Charles-Auguste-Marie-Joseph, Count of Forbin-Janson, C.P.M. (3 November 1785 - 12 July 1844), was a French aristocrat and prelate who was a founder of the Fathers of Mercy, established in an effort to re-evangelize the French people. He preached throughout North America, taking an active role in reviving the Catholic populations of the United States and Canada. He was influential in establishing an ultramontane stand in the Catholic Church in French-speaking Canada, an influence which would last for generations.

Forbin-Janson also served as the Bishop of Nancy and Toul, and later was the founder of the Association of the Holy Childhood, which worked to support the Catholic Church in its work on the expanding frontiers of North America.

==Life==

===Early life===
Born in Paris, he was the second son of Count Michel-Palamède de Forbin-Janson and of his wife, Cornélie-Henriette-Sophie-Louise-Hortense-Gabrielle, Princess of Galéan.
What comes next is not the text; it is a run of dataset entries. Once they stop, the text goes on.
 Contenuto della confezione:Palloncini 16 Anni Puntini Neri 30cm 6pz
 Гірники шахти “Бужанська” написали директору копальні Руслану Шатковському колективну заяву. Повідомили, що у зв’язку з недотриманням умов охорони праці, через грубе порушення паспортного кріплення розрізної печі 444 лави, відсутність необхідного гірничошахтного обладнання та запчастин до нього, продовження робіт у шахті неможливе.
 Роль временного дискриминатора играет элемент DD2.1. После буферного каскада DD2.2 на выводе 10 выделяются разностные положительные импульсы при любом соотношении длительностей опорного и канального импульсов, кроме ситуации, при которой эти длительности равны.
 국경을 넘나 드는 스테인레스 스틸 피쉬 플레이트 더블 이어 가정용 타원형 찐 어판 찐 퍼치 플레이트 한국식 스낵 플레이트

He was a Knight of Malta from childhood. During the French Revolution, his family took refuge in Bavaria, which was his home until he returned to France in 1800, having been trained for a military career. Though he was to remain an ardent monarchist throughout his life, he accepted the appointment which Napoleon Bonaparte gave him as an Auditor of the Council of State in 1805. His family and the aristocracy looked forward to a most brilliant career as a statesman for him, but at the same time he joined the Congregation of the Holy Virgin (Congrégation de la Sainte-Vierge), a religious association of the laity organized in Paris in 1801, which had grown out of the Jesuit-affiliated Sodality of Our Lady after the Suppression of the Society of Jesus.

In the spring of 1808 Forbin-Janson surprised all by entering the Seminary of Saint-Sulpice. Because of the hostilities instigated by Napoleon against Pope Pius VII he had given up his career in government and decided to become a priest. There he met a group of young seminarians at Saint-Sulpice who were caught up in the idea of missionary work, and the impetuous Forbin-Janson became imbued with this vision. He became close friends with Eugène de Mazenod, who entertained similar dreams, and who was later to found the missionary order of the Oblates of Mary Immaculate.
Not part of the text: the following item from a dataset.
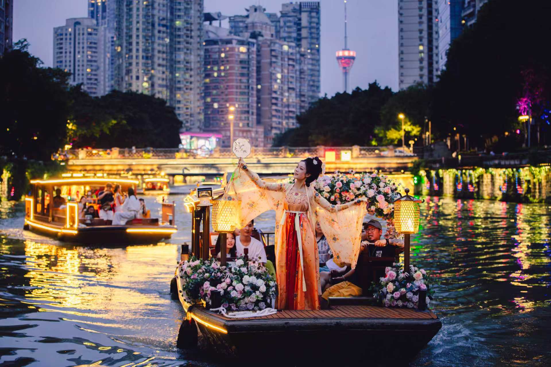 据介绍,目前,成都市有关部门正助力拓展市场和品牌推广,在锦江沿岸打造了非遗体验、网红美食、剧本杀等多元体验空间,整合夜游锦江、商圈消费、文化体验三大场景服务,朝着“蜀都味、国际范”的国际旅游目的地方向稳步前行。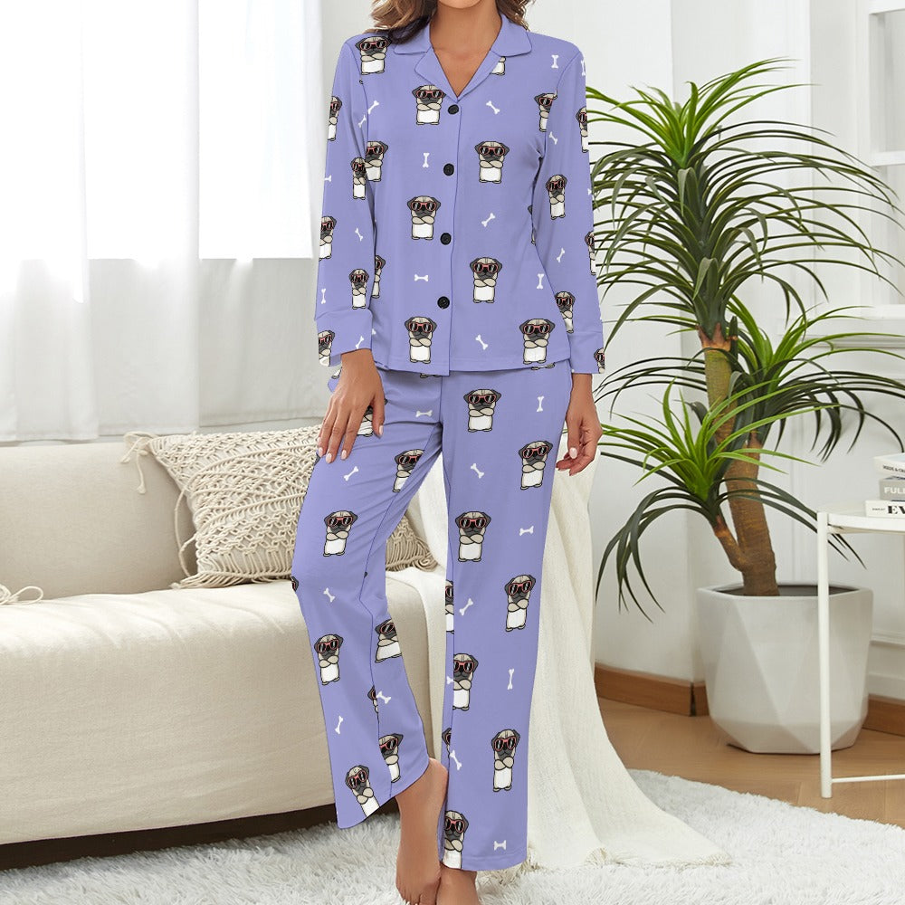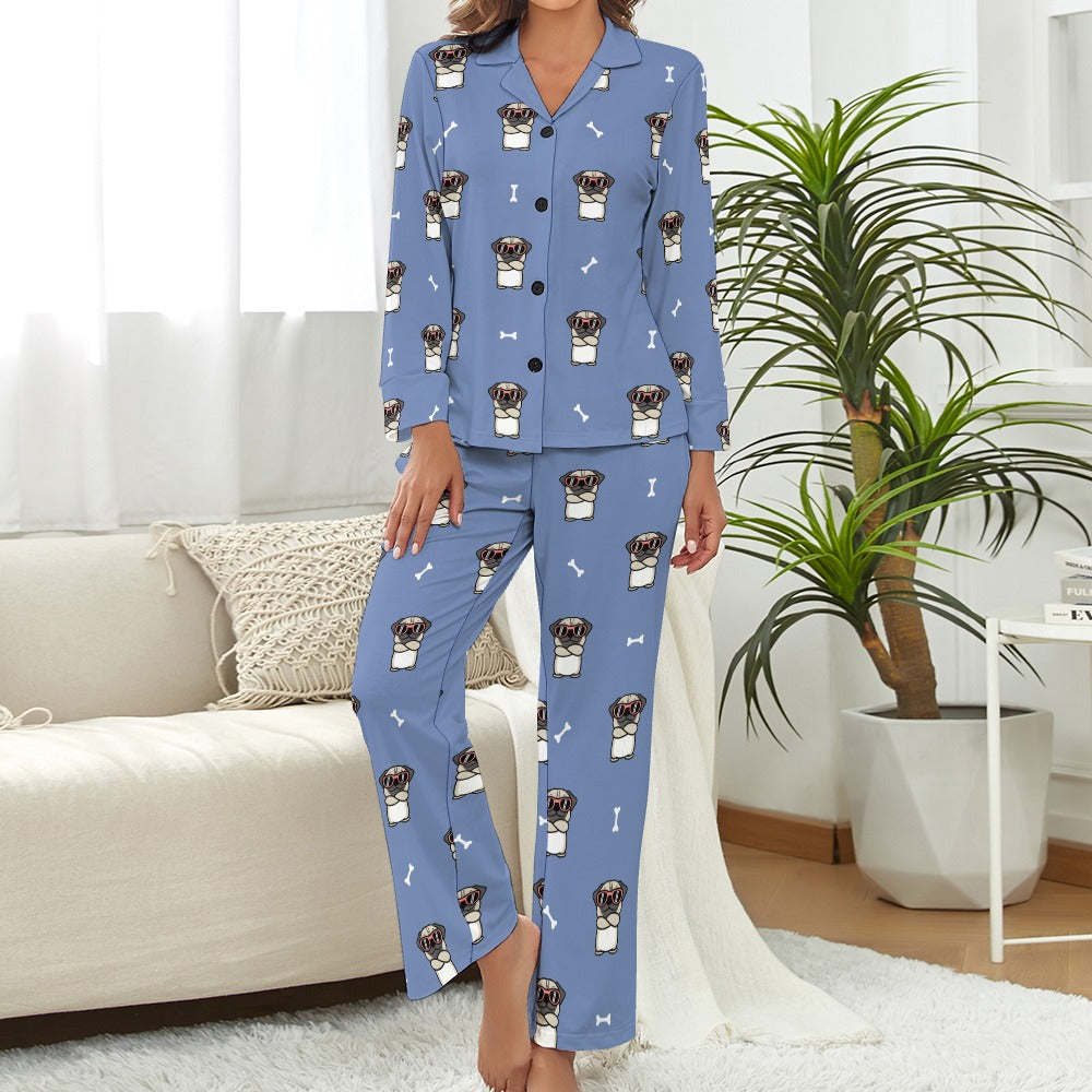 Stylish Pug Swag Pajamas Set for Women-S-CornflowerBlue_1-24

Forbin-Janson was ordained a priest in Chambéry, Savoie, on 15 December 1811, by Irénée-Yves Desolle, Bishop of Chambéry. and was made Superior of the seminary of the diocese. Nevertheless, he still determined to become a missionary. Later, in 1814, while serving as the acting Vicar General of the diocese, he traveled to Rome where Pope Pius VII advised him to remain in France where missionary work was needed. He immediately heeded the advice, and, with his friend, the Abbé Jean-Baptiste Rauzan, re-established the Missionaries of France, later called the Society of the Fathers of Mercy, based at Mont-Valérien, in the Parisian suburb of Suresnes.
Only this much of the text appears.